Data shown —

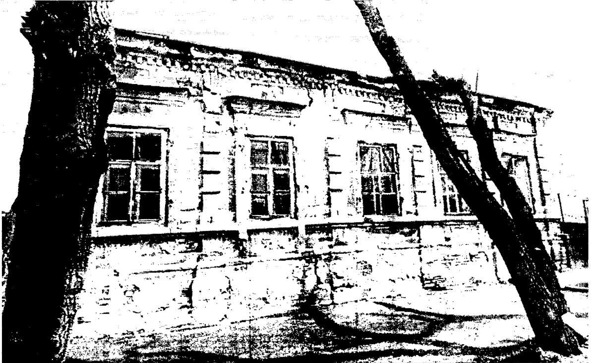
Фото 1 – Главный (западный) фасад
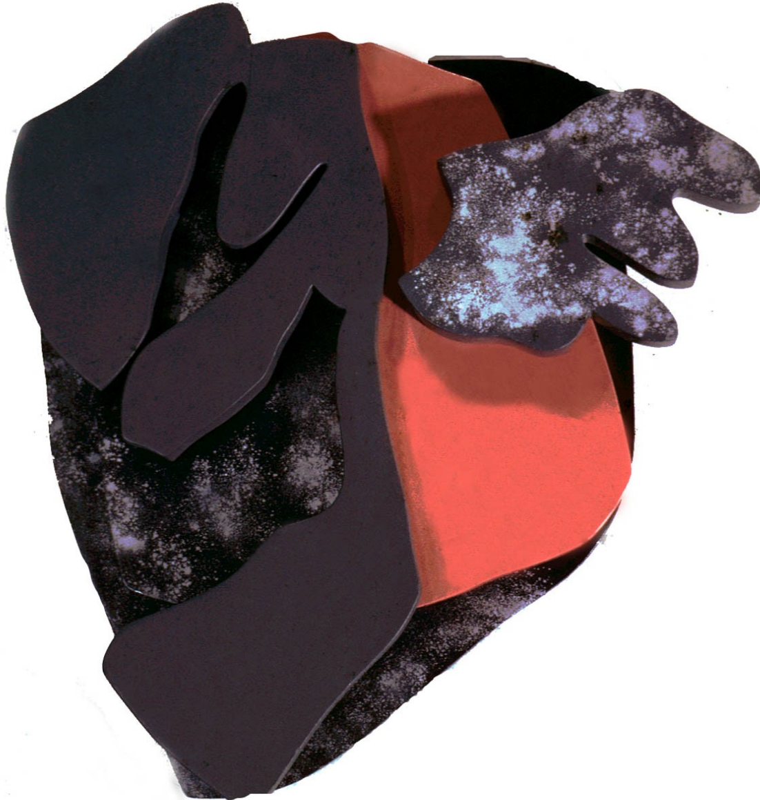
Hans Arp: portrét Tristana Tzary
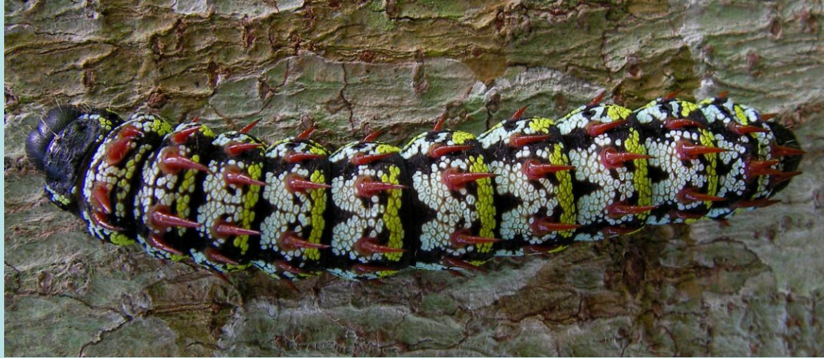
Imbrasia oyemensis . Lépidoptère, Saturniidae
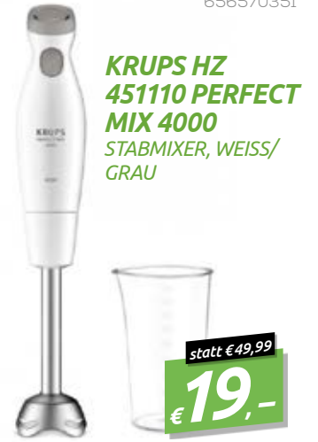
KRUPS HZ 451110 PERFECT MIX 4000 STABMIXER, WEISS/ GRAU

==

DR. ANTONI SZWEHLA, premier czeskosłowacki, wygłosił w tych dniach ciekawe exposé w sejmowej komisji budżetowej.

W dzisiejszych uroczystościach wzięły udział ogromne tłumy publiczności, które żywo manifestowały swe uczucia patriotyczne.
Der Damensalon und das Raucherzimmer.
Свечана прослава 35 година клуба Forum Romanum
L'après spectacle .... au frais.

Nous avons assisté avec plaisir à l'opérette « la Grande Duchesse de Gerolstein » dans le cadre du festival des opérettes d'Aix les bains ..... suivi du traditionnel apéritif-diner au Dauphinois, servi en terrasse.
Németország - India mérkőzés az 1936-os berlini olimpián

What to do —
Only one part of the listing is wanted: the lines from the one containing "Imbrasia oyemensis . Lépidoptère, Saturniidae" through the one containing "KRUPS HZ 451110", both included. Please transcribe it exactly, leaving out the pictures.

Task result —
Imbrasia oyemensis . Lépidoptère, Saturniidae
KRUPS HZ 451110 PERFECT MIX 4000 STABMIXER, WEISS/ GRAU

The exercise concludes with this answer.